From the line with "MCPE用ヘリコプターモッズ" to the line with "一馬の先制リーチを受けた萩原、ピンフドラ赤のイーシャンテンからまっすぐ", retype each line exactly as it stands in the records below, but skip the pictures.

╭─ INFORMATION

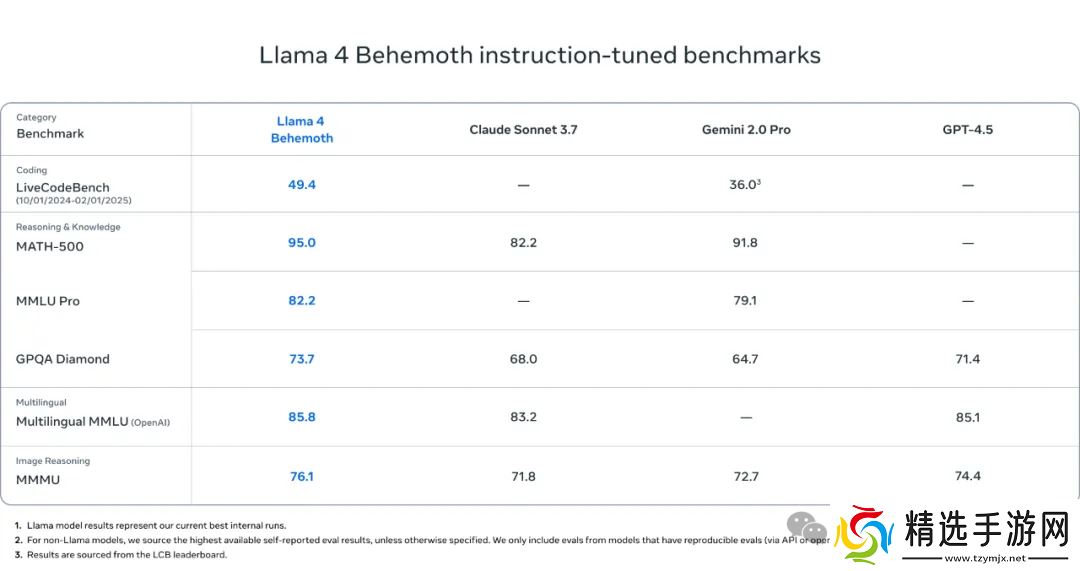 Llama 4 Behemoth:2 万亿参数的超大超强模型,以上二者都由这个模型蒸馏而来;目前还在训练中;多个基准测试超过 GPT-4.5、Claude Sonnet 3.7 和 Gemini 2.0 Pro。
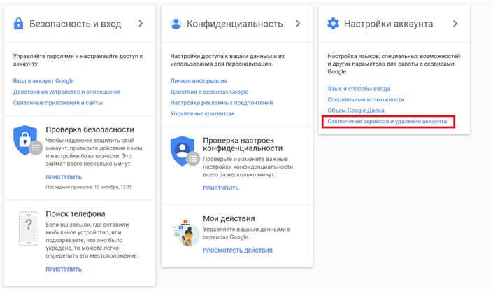 Найти ссылку «Отключение сервисов и удаление аккаунта» и выполнить переход по ней.
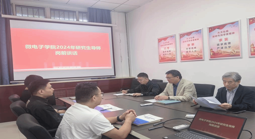 研究生导师岗前谈话工作办法》文件要求,微电子学院于10月17日上午召开了2024年度新认定研究生导师岗前谈话工作会议。院长马炳和、党委副书记余鹏、魏廷存教授以及新认定的3位导师参加了会议,会议由院长马炳和主持。
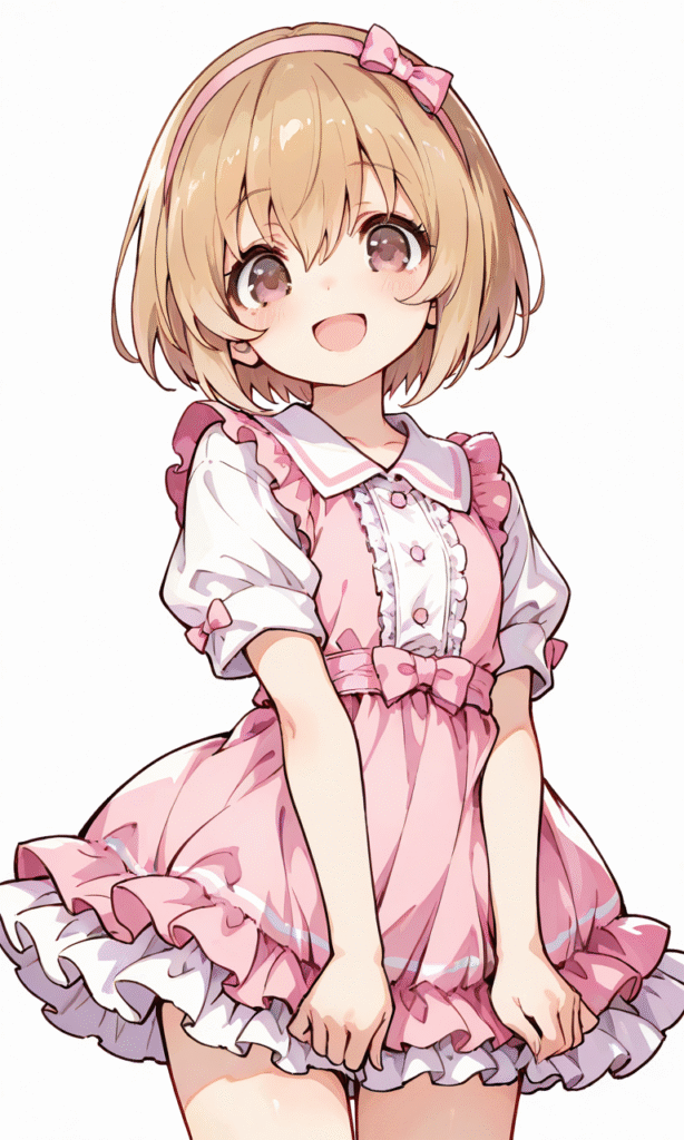 PixAI【Shiitake-Mix】koga koharu,solo, smile,open mouth,tareme,big eyes,pink frilled dress,short sleeves, miniskirt,hairband, looking at viewer, cowboy shot,simplebackground,white background, masterpiece,high quality, high resolution
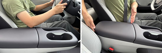 评测车前排中央扶手为上掀式设计,采用了软质材质包裹,触感舒适。并且驾驶者在标准姿势驾驶时,可以为肘部提供支撑。
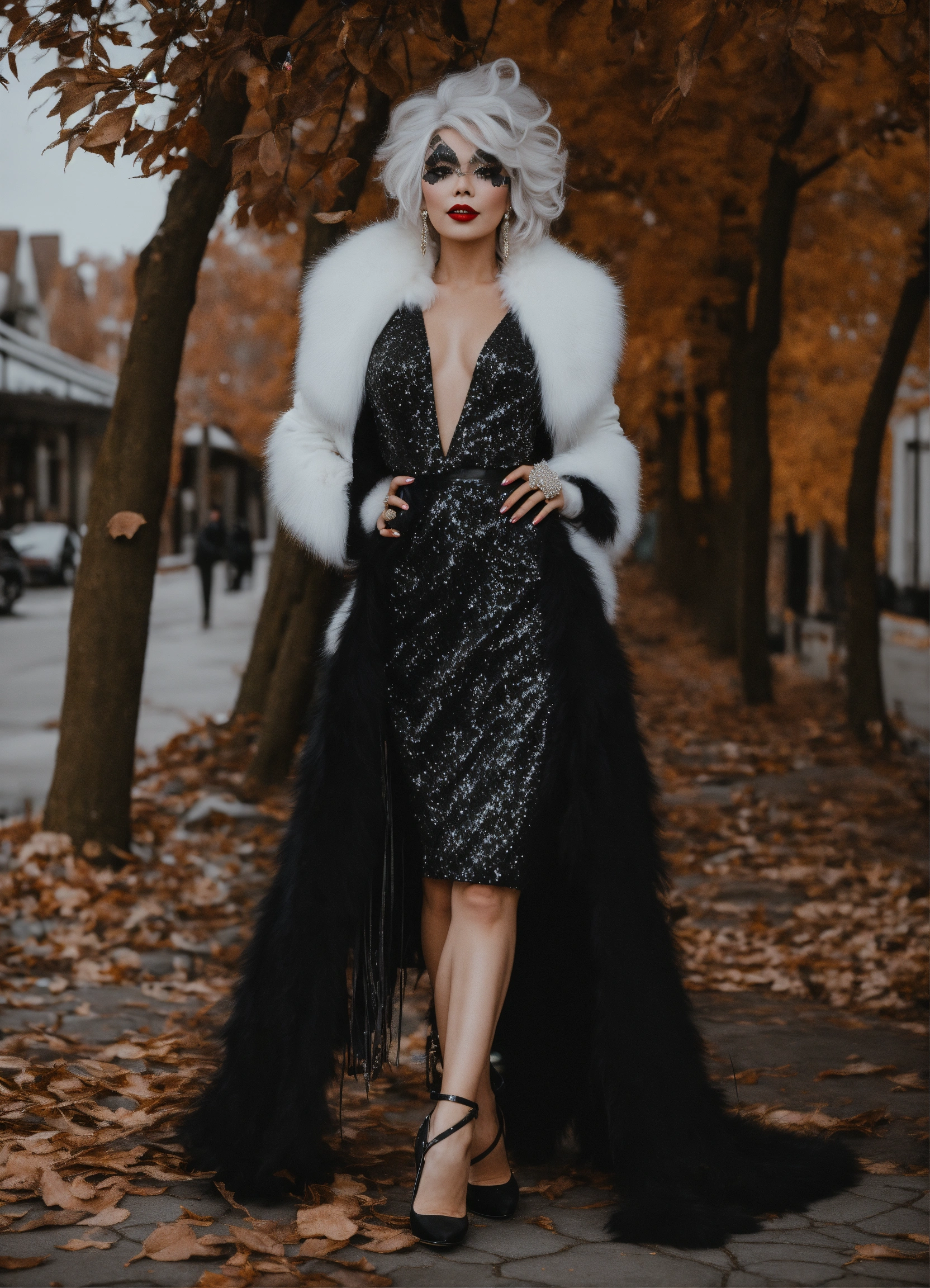 Dreamcatcher jiu glamorous sparkly cruella de vil inspired outfit with high heels
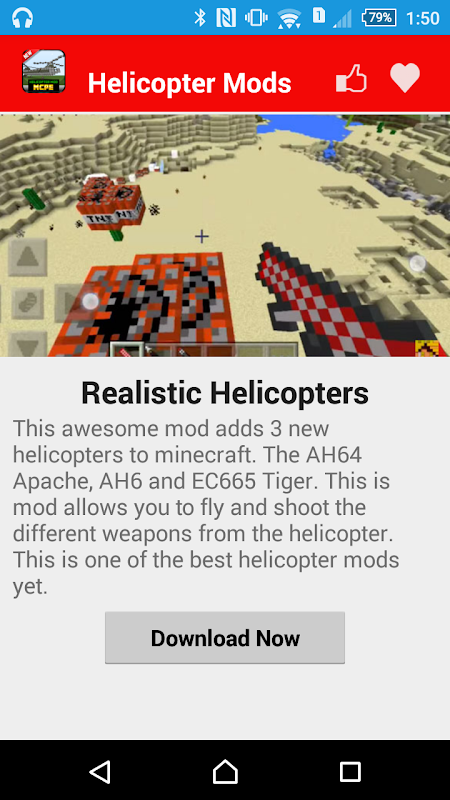 MCPE用ヘリコプターモッズ!のみBlockLauncherアプリケーションに適用されると、あなたのスマートフォンやタブレットにMCPEとBlockLauncherのフルバージョンをインストールする必要がありますすることができます。
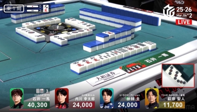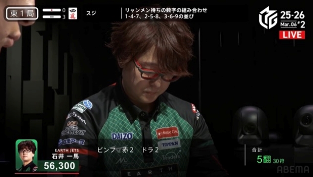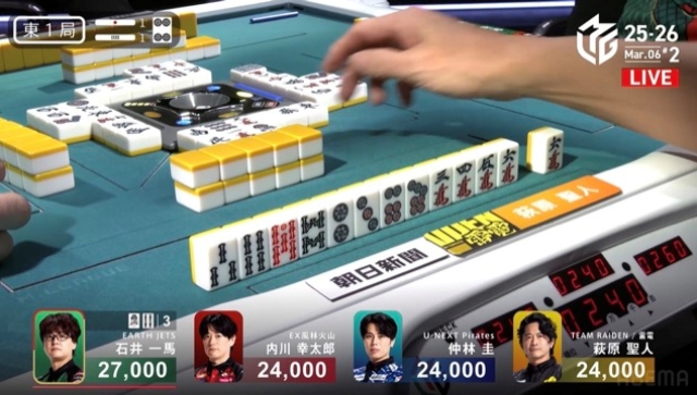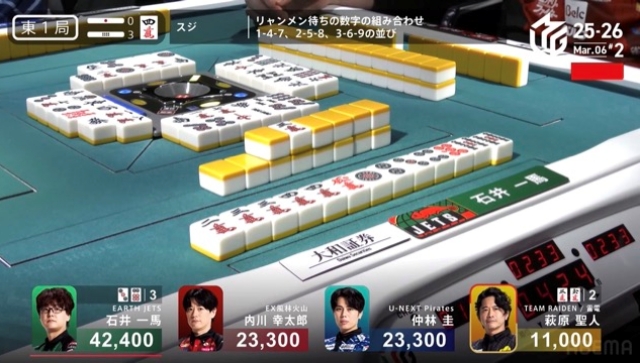 一馬の先制リーチを受けた萩原、ピンフドラ赤のイーシャンテンからまっすぐ
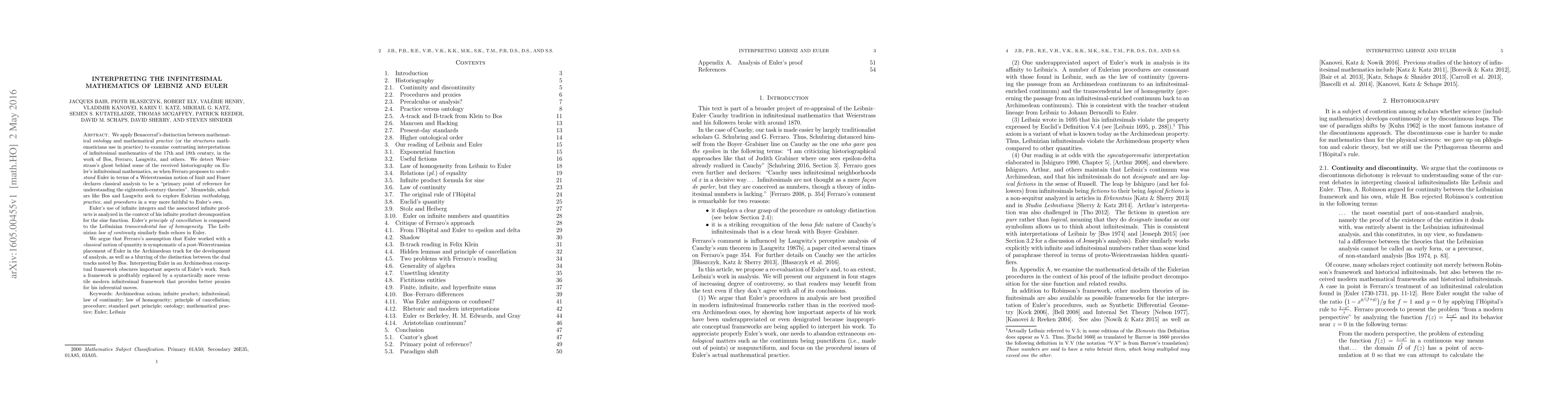 We apply Benacerraf's distinction between mathematical ontology and mathematical practice (or the structures mathematicians use in practice) to examine contrasting interpretations of infinitesimal mathematics of the 17th and 18th century, in the work of Bos, Ferraro, Laugwitz, and others. We detect Weierstrass's ghost behind some of the received historiography on Euler's infinitesimal mathematics, as when Ferraro proposes to understand Euler in terms of a Weierstrassian notion of limit and Fraser declares classical analysis to be a "primary point of reference for understanding the eighteenth-century theories." Meanwhile, scholars like Bos and Laugwitz seek to explore Eulerian methodology, practice, and procedures in a way more faithful to Euler's own. Euler's use of infinite integers and the associated infinite products is analyzed in the context of his infinite product decomposition for the sine function. Euler's principle of cancellation is compared to the Leibnizian transcendental law of homogeneity. The Leibnizian law of continuity similarly finds echoes in Euler. We argue that Ferraro's assumption that Euler worked with a classical notion of quantity is symptomatic of a post-Weierstrassian placement of Euler in the Archimedean track for the development of analysis, as well as a blurring of the distinction between the dual tracks noted by Bos. Interpreting Euler in an Archimedean conceptual framework obscures important aspects of Euler's work. Such a framework is profitably replaced by a syntactically more versatile modern infinitesimal framework that provides better proxies for his inferential moves. Keywords: Archimedean axiom; infinite product; infinitesimal; law of continuity; law of homogeneity; principle of cancellation; procedure; standard part principle; ontology; mathematical practice; Euler; Leibniz
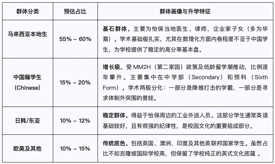 要理解升学成绩,首先必须理解“生源”。一所学校的升学上限往往由生源质量、家庭重视程度以及学校的加工能力共同决定。Tenby Ipoh作为Perak最老牌的国际学校,其生源结构在过去5年发生了微妙而深刻的变化。
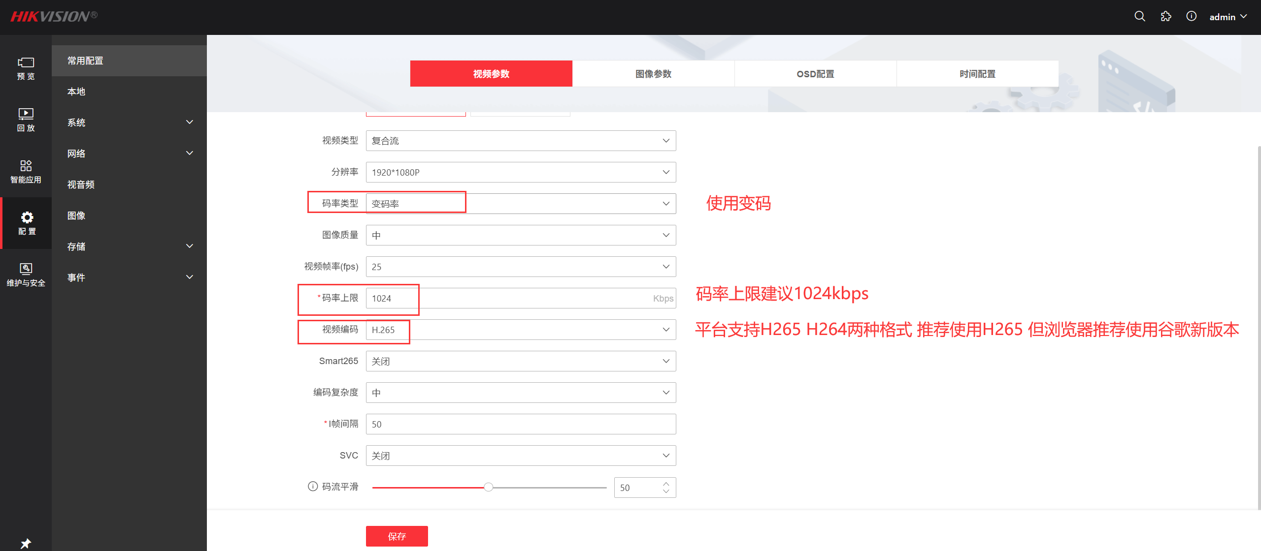 以下列海康摄像头为例,推荐几个比较重要的视频配置。视频编码若选择H256格式需要浏览器支持才能进行播放。
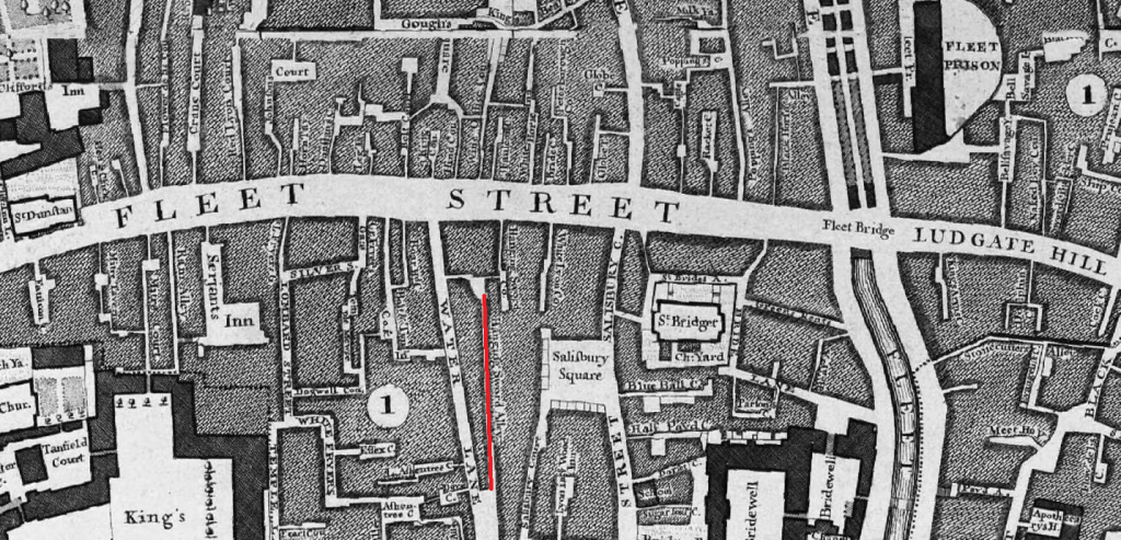 Back in the 1600s, the alley had many entrances and exits from Fleet Street, Whitefriars Street and the area directly behind Bridewell Prison. The alley took its name from a signboard with a sword attached to it to denote the premises of a Fencing School which once hung within the alley. It was the place of business in the early 1600s of John Turner the greatest exponent of the art of fencing in England. It’s also the site of his brutal murder by two armed assailants.
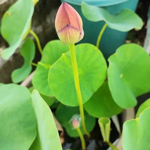 5/2に投稿した蓮の実がこんなに大きくなりました😊かわゆい。 ちょうど良い睡蓮鉢が無かったので普通の鉢にビニール袋で代用😋

╰─

*TASK ANSWER*:
 MCPE用ヘリコプターモッズ!のみBlockLauncherアプリケーションに適用されると、あなたのスマートフォンやタブレットにMCPEとBlockLauncherのフルバージョンをインストールする必要がありますすることができます。
 一馬の先制リーチを受けた萩原、ピンフドラ赤のイーシャンテンからまっすぐ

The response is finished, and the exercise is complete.